According to Forrester data, 51 percent of US adult users of a streaming service remain subscribers because they don’t want to miss out on exclusive content. “A constant stream of new content is critical to retaining subscribers,” concludes Proulx.

Sophie Lund-Yates, senior equities analyst at Hargreaves Lansdown, also believes Disney’s streaming offering can continue to grow, unlike its competitor Netflix. Disney’s “classics that slumber on the digital shelves are timeless and, above all, cash cows that can be retrieved again and again,” she explains.

Less-expensive subscription plans that include advertising, like the ones Disney plans to introduce this year, could help retain subscribers even in a recession when consumers’ household incomes come under pressure, Lund-Yates said. In addition, Disney has made “phenomenal progress” in the area of ​​theme parks, despite the slump in international visitor numbers in the wake of the corona pandemic – and with admission prices of up to $ 1,200 for multi-day experiences.

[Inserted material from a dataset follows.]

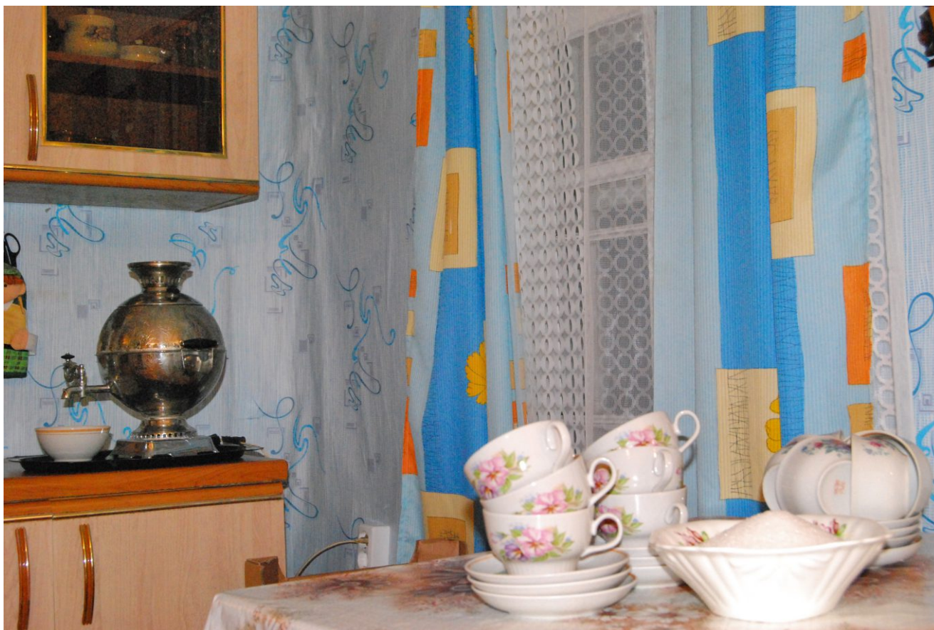
Интерьер общего дома

Disney’s total revenue rose 23 percent to $19.25 billion in the quarter just ended. The clear plus was also due to the amusement parks, which cashed in. Profits, on the other hand, almost halved to $470 million, which was partly due to tax increases.

The Disney Group will be 100 years old next year. In addition to the amusement parks and the film business with the streaming offer, Disney also owns cruise ships and various television channels.

With material from Reuters.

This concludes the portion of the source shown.